Appellants also contend that the order of sale improperly granted injunctive relief
by directing Edwin Zimmerman to maintain the property so as to not commit waste and
directing all persons to vacate the property within 90 days of its entry. As noted, the
District Court had authority pursuant to 26 U.S.C. § 7403 to decree a sale of the property,
and along with that authority, had the discretion to set the terms and conditions of the
sale. See United States v. Branch Coal Corp., 390 F.2d 7, 10 (3d Cir. 1968); see also
United States v. Rodgers, 461 U.S. 677, 708-709 (1983).

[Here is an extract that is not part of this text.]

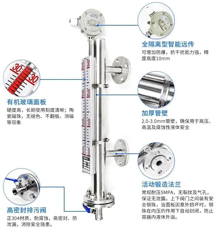 磁性液位計(jì)是根據(jù)連通器和帶磁藕合基本原理而工作中的。做為一種普遍的液位儀檢測(cè)儀表,被普遍用于石油化工設(shè)備、倉(cāng)儲(chǔ)物流運(yùn)送等制造行業(yè)對(duì)各種各樣儲(chǔ)槽、儲(chǔ)罐、球形器皿和加熱爐等機(jī)器設(shè)備內(nèi)的物質(zhì)開展液位儀檢驗(yàn)。相關(guān)磁性液位計(jì)的基本原理,大家都廣為人知,但對(duì)其構(gòu)造和特性卻了解很少。那麼,磁性液位計(jì)的構(gòu)造構(gòu)成和特性有什么呢?
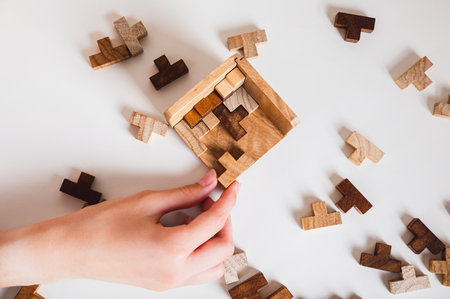 Man's hand inserting piece of wood block to complete a pyramid shape of wood blocks. Top view.

Because conditions of a sale
can include the timeline for vacating the property and the maintenance of the property
pending the sale, the District Court acted within its authorized discretion in including
such provisions in its order of sale.
Finally, by failing to raise them in court, Appellants forfeited their arguments that
the interference with the property constituted an unreasonable seizure and a violation of
due process, and they have not identified any “exceptional circumstances” warranting our
review. See Barna v. Bd. of Sch. Dirs. of the Panther Valley Sch. Distr., 877 F.3d 136,
145 (3d Cir. 2017) (citation omitted).
6
We will accordingly affirm the District Court’s judgments. 5
5
We take no action upon Doug McConkey’s letter filed in this Court, as a request to
modify the order of sale must be filed in the District Court.